◆ YOUR GOAL: Nothing but the lines from the top of the records through the line with "這個等身高的皮卡丘玩偶約40" should be returned, exactly, and without pictures.

(Items from a dataset)
# # # # #

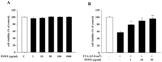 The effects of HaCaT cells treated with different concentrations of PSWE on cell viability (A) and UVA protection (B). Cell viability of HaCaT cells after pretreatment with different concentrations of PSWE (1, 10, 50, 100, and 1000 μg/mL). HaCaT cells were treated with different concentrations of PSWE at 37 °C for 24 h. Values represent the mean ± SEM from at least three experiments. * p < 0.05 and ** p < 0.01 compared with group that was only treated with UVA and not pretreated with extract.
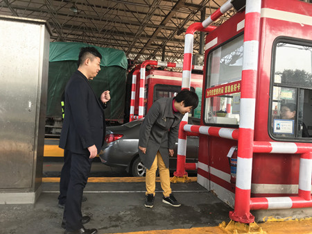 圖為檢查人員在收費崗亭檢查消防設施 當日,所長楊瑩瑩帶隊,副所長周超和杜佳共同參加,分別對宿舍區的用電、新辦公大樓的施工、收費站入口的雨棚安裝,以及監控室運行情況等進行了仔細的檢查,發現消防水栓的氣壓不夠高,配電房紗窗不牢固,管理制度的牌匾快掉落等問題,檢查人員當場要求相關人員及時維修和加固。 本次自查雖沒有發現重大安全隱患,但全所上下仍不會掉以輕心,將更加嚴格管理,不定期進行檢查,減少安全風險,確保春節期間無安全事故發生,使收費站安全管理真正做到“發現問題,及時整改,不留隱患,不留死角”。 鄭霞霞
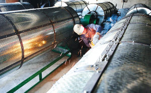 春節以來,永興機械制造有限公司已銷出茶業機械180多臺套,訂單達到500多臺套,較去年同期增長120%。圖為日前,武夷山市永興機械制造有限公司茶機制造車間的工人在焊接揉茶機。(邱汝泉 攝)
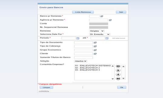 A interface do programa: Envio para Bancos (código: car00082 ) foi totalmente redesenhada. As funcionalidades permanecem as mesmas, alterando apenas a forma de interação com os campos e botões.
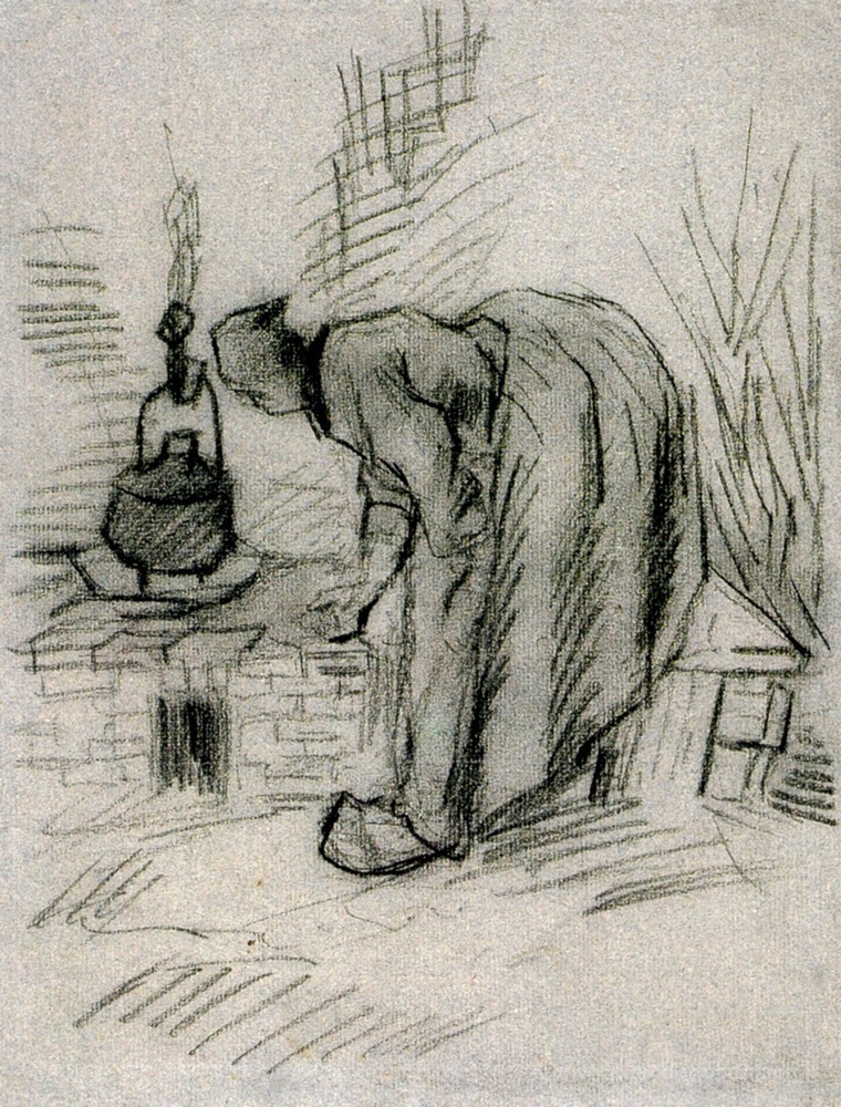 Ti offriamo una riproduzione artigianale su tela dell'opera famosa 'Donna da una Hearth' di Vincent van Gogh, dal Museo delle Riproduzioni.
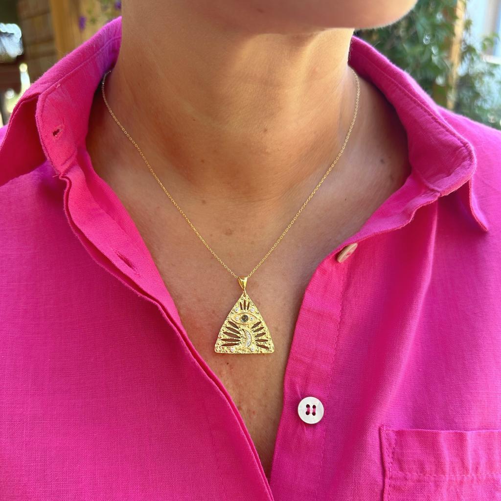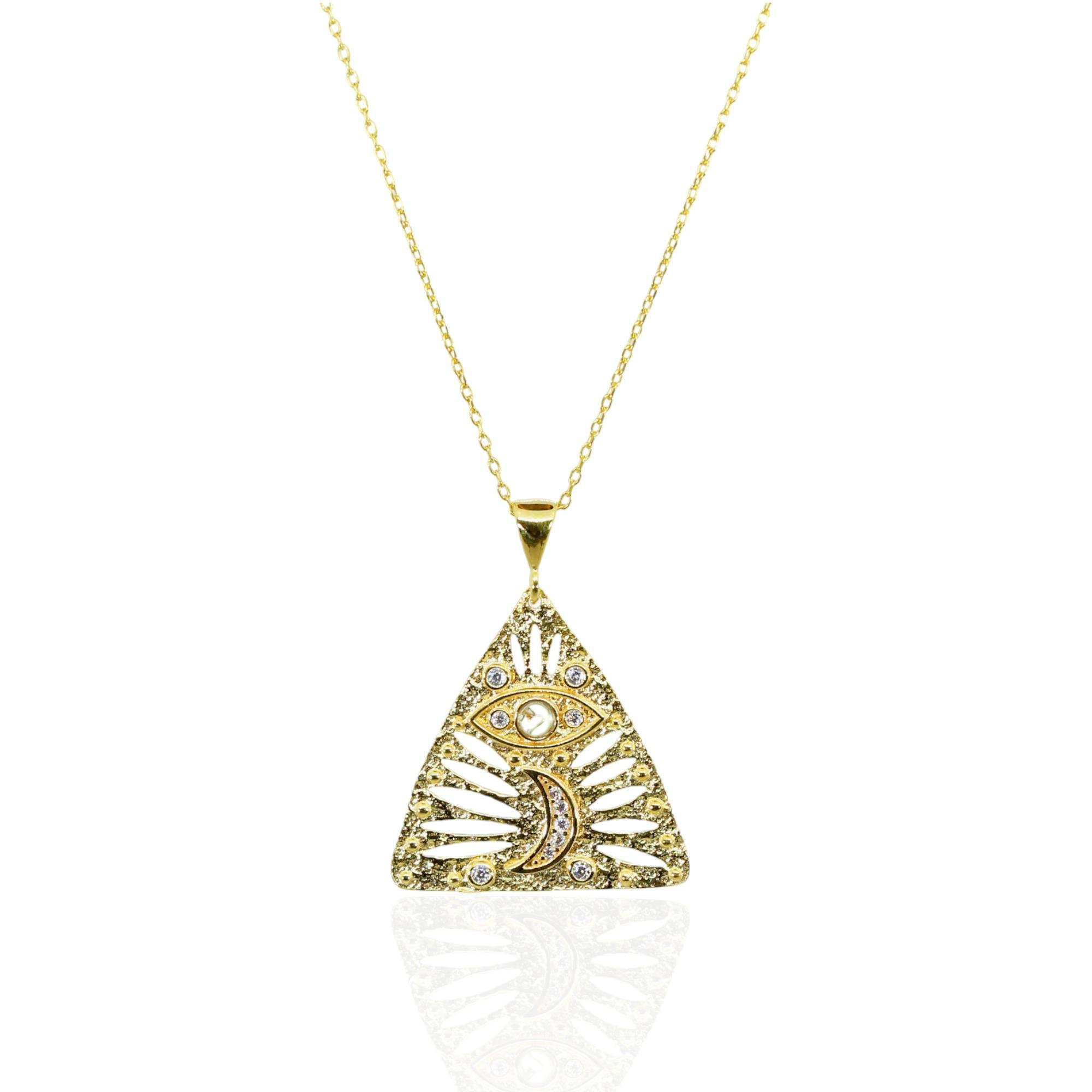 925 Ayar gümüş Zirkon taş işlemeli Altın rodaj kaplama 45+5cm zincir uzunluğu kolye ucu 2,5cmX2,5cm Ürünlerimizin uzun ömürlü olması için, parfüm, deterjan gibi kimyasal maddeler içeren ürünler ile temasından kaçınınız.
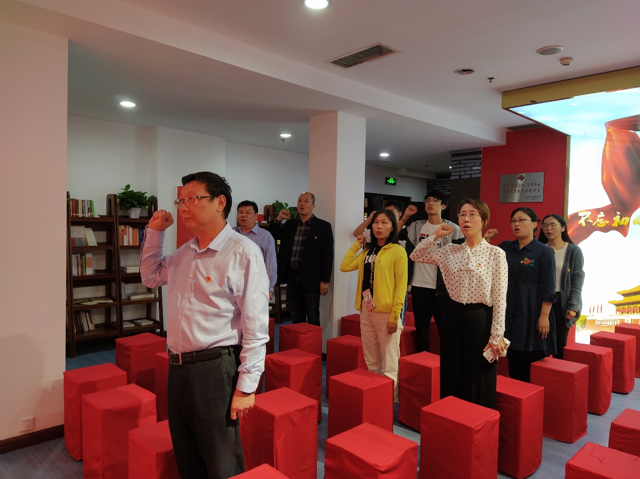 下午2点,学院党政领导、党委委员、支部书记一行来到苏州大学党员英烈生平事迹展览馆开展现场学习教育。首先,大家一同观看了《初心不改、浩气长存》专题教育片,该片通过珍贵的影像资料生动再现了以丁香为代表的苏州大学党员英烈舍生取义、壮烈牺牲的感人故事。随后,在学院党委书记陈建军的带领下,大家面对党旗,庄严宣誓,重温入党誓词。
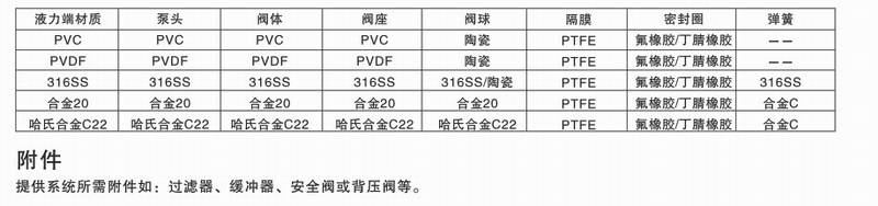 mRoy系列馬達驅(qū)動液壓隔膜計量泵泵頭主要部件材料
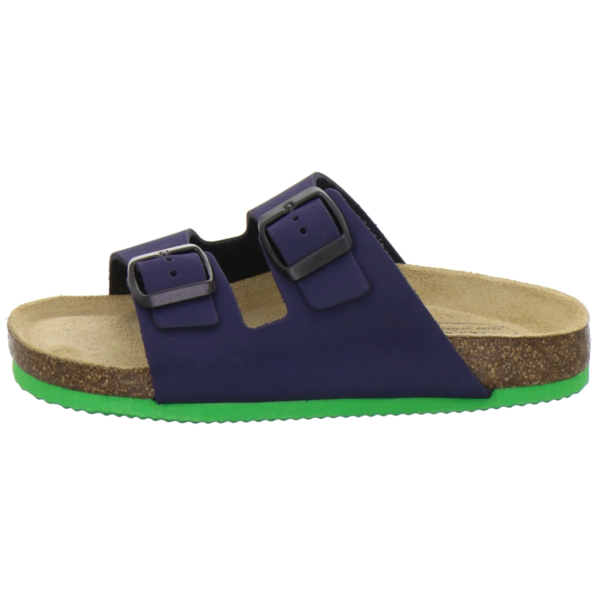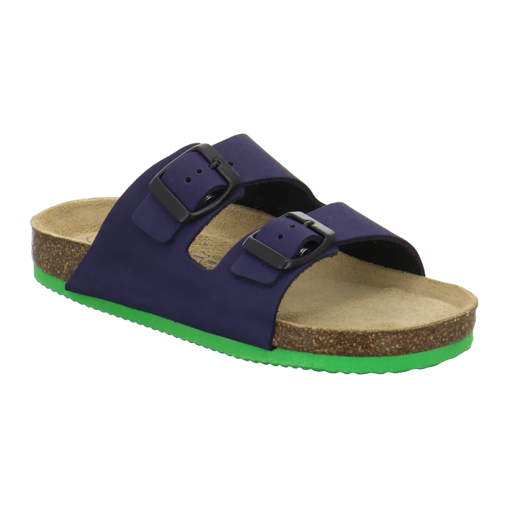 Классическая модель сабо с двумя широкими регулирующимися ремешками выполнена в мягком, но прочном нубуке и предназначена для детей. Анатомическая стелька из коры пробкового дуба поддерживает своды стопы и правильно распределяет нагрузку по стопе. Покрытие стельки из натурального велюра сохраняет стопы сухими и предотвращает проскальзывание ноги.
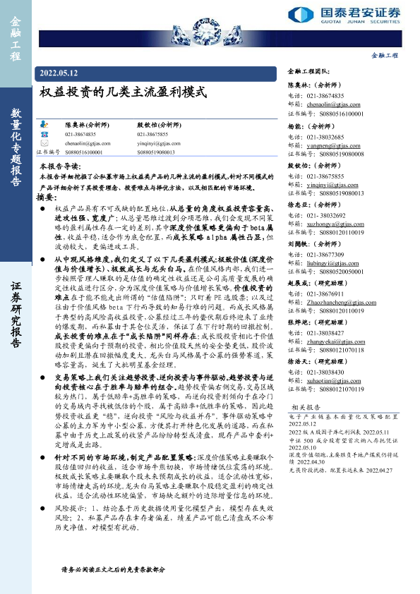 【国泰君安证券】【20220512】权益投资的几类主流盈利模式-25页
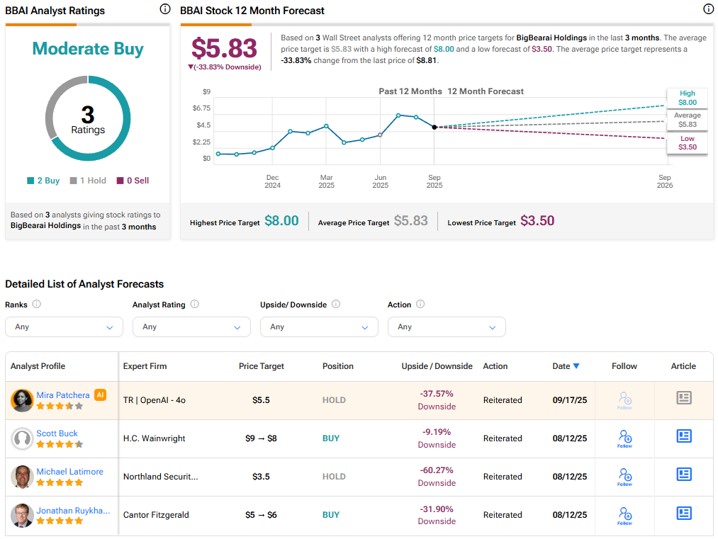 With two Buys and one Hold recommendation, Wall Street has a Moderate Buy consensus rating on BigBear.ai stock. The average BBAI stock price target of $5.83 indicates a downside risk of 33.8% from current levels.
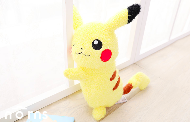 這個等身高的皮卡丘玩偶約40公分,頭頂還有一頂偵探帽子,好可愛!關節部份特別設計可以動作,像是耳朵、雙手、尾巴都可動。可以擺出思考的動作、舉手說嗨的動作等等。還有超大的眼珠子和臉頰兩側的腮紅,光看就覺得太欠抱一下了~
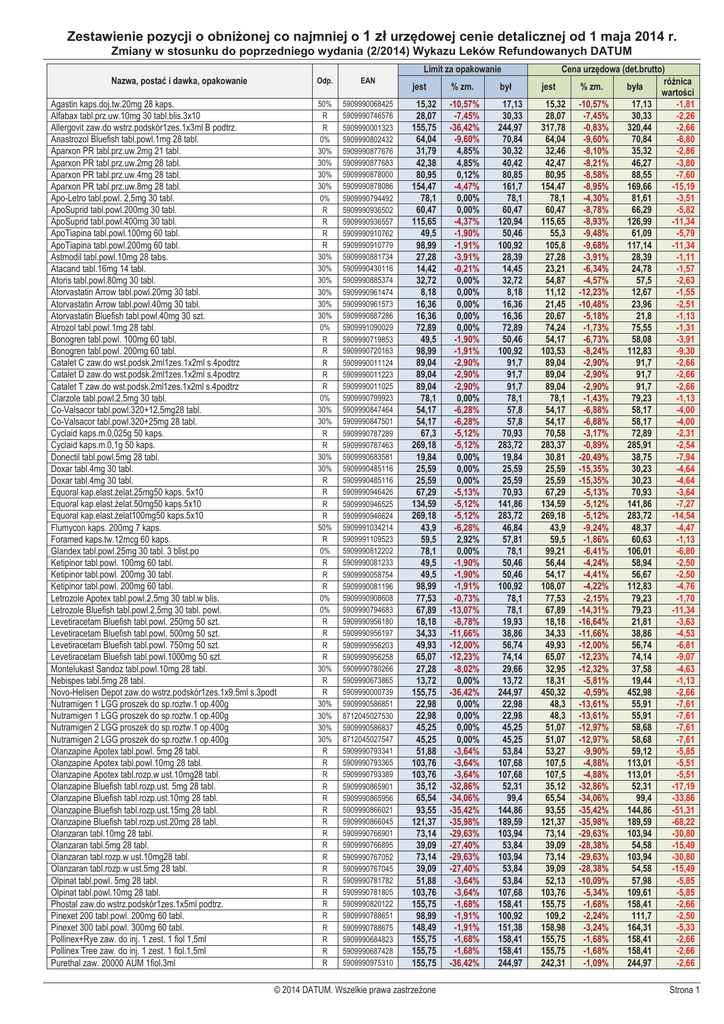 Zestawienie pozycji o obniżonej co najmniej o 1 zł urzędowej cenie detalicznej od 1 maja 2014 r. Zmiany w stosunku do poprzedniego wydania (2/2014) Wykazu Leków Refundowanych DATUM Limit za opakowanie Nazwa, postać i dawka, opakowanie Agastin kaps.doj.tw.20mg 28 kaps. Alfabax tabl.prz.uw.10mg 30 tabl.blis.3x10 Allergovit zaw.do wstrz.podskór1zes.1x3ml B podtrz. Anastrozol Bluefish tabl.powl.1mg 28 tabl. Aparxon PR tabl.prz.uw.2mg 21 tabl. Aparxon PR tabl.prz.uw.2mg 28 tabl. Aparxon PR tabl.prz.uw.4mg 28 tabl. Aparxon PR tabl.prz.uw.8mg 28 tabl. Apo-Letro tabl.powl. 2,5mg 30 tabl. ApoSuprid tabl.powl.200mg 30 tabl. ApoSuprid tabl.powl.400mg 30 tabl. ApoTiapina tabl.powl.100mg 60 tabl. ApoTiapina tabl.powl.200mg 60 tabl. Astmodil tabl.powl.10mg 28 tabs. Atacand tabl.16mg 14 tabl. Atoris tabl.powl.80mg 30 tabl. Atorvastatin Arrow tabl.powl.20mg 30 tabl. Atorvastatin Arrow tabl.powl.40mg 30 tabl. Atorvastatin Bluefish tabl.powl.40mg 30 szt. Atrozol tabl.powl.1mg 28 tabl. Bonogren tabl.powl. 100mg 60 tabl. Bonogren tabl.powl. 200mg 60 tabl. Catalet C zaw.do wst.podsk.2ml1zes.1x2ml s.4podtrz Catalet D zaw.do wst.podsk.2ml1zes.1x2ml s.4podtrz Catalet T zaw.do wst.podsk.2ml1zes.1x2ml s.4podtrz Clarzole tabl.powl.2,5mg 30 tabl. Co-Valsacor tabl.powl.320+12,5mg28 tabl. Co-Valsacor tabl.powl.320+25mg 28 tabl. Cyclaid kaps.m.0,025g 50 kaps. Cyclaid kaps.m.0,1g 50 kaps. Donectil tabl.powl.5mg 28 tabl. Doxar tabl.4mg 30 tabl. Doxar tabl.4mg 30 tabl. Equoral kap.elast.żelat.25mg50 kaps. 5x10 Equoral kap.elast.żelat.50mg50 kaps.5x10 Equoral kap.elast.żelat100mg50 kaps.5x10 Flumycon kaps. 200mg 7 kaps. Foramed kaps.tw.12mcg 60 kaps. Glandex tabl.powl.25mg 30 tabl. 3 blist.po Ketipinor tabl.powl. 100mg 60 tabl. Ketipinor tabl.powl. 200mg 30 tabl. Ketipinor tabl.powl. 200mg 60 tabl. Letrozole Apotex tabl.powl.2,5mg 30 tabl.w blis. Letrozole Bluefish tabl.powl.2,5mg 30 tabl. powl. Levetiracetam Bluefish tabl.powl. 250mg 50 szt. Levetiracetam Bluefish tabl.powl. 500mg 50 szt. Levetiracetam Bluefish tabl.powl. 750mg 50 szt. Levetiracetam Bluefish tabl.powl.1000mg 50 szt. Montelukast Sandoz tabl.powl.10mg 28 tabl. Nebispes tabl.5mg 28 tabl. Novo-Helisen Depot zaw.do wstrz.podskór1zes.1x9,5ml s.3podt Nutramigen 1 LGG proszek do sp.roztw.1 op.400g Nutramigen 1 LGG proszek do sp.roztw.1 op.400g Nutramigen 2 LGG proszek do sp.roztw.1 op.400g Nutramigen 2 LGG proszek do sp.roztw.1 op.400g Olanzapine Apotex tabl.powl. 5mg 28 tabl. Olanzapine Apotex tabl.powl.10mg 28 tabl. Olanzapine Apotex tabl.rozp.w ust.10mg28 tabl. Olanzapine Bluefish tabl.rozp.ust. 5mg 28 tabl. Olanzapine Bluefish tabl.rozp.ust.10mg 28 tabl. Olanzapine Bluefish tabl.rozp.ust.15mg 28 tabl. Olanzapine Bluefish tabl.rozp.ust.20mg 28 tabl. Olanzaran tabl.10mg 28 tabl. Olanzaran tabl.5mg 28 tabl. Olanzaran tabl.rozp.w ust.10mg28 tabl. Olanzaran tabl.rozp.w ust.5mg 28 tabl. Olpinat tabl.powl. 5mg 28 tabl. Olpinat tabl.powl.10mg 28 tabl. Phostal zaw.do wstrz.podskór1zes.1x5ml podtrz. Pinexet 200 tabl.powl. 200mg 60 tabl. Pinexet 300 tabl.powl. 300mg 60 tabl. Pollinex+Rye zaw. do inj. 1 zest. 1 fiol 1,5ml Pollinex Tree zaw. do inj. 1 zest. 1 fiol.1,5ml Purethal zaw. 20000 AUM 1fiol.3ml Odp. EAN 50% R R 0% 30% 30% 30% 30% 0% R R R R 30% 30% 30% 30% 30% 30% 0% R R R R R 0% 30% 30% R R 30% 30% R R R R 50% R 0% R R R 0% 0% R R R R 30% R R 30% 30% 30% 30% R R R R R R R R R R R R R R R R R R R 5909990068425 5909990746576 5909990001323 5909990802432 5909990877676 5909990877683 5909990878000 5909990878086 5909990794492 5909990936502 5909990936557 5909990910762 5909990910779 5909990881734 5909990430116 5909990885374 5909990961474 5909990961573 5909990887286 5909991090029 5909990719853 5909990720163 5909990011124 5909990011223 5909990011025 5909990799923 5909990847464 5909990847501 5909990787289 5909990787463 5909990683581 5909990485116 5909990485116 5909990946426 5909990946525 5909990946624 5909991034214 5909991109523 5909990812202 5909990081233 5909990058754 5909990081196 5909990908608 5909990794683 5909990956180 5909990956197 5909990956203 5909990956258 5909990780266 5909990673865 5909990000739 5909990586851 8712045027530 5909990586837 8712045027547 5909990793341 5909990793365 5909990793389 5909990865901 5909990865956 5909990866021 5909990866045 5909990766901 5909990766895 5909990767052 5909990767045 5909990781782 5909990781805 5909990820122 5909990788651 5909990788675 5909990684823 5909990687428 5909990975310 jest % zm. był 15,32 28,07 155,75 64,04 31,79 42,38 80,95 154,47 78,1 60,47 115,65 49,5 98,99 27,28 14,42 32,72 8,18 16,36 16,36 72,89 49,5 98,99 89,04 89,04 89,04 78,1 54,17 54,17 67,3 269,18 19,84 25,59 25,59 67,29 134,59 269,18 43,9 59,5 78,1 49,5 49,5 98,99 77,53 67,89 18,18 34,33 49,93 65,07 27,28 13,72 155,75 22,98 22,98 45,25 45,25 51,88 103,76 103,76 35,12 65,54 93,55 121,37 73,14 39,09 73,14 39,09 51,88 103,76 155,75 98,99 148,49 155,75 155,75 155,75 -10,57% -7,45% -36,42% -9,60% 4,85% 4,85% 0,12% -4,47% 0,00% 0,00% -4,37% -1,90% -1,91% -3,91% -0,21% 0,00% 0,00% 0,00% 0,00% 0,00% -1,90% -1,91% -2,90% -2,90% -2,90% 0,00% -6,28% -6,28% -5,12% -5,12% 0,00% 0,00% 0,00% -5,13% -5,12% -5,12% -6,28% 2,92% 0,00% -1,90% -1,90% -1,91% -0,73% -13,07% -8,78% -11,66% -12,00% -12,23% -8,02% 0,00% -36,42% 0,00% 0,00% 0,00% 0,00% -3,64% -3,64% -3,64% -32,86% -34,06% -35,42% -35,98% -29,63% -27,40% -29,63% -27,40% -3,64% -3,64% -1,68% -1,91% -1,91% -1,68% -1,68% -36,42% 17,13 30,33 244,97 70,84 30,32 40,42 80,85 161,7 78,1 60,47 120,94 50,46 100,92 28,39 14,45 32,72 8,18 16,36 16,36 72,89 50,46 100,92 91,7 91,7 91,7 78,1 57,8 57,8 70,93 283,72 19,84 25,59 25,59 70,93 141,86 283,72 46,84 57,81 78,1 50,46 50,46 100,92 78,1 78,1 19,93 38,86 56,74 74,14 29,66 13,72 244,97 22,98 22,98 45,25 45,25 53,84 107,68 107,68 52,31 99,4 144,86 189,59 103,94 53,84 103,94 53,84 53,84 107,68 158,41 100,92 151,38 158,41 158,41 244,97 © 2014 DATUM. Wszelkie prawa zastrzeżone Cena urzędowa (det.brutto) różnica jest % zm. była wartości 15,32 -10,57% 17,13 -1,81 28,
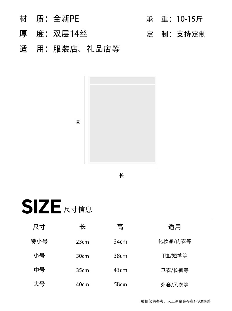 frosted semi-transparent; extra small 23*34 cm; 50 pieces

# # # # #

◆ TASK ANSWER:
 The effects of HaCaT cells treated with different concentrations of PSWE on cell viability (A) and UVA protection (B). Cell viability of HaCaT cells after pretreatment with different concentrations of PSWE (1, 10, 50, 100, and 1000 μg/mL). HaCaT cells were treated with different concentrations of PSWE at 37 °C for 24 h. Values represent the mean ± SEM from at least three experiments. * p < 0.05 and ** p < 0.01 compared with group that was only treated with UVA and not pretreated with extract.
 圖為檢查人員在收費崗亭檢查消防設施 當日,所長楊瑩瑩帶隊,副所長周超和杜佳共同參加,分別對宿舍區的用電、新辦公大樓的施工、收費站入口的雨棚安裝,以及監控室運行情況等進行了仔細的檢查,發現消防水栓的氣壓不夠高,配電房紗窗不牢固,管理制度的牌匾快掉落等問題,檢查人員當場要求相關人員及時維修和加固。 本次自查雖沒有發現重大安全隱患,但全所上下仍不會掉以輕心,將更加嚴格管理,不定期進行檢查,減少安全風險,確保春節期間無安全事故發生,使收費站安全管理真正做到“發現問題,及時整改,不留隱患,不留死角”。 鄭霞霞
 春節以來,永興機械制造有限公司已銷出茶業機械180多臺套,訂單達到500多臺套,較去年同期增長120%。圖為日前,武夷山市永興機械制造有限公司茶機制造車間的工人在焊接揉茶機。(邱汝泉 攝)
 A interface do programa: Envio para Bancos (código: car00082 ) foi totalmente redesenhada. As funcionalidades permanecem as mesmas, alterando apenas a forma de interação com os campos e botões.
 Ti offriamo una riproduzione artigianale su tela dell'opera famosa 'Donna da una Hearth' di Vincent van Gogh, dal Museo delle Riproduzioni.
 925 Ayar gümüş Zirkon taş işlemeli Altın rodaj kaplama 45+5cm zincir uzunluğu kolye ucu 2,5cmX2,5cm Ürünlerimizin uzun ömürlü olması için, parfüm, deterjan gibi kimyasal maddeler içeren ürünler ile temasından kaçınınız.
 下午2点,学院党政领导、党委委员、支部书记一行来到苏州大学党员英烈生平事迹展览馆开展现场学习教育。首先,大家一同观看了《初心不改、浩气长存》专题教育片,该片通过珍贵的影像资料生动再现了以丁香为代表的苏州大学党员英烈舍生取义、壮烈牺牲的感人故事。随后,在学院党委书记陈建军的带领下,大家面对党旗,庄严宣誓,重温入党誓词。
 mRoy系列馬達驅(qū)動液壓隔膜計量泵泵頭主要部件材料
 Классическая модель сабо с двумя широкими регулирующимися ремешками выполнена в мягком, но прочном нубуке и предназначена для детей. Анатомическая стелька из коры пробкового дуба поддерживает своды стопы и правильно распределяет нагрузку по стопе. Покрытие стельки из натурального велюра сохраняет стопы сухими и предотвращает проскальзывание ноги.
 【国泰君安证券】【20220512】权益投资的几类主流盈利模式-25页
 With two Buys and one Hold recommendation, Wall Street has a Moderate Buy consensus rating on BigBear.ai stock. The average BBAI stock price target of $5.83 indicates a downside risk of 33.8% from current levels.
 這個等身高的皮卡丘玩偶約40公分,頭頂還有一頂偵探帽子,好可愛!關節部份特別設計可以動作,像是耳朵、雙手、尾巴都可動。可以擺出思考的動作、舉手說嗨的動作等等。還有超大的眼珠子和臉頰兩側的腮紅,光看就覺得太欠抱一下了~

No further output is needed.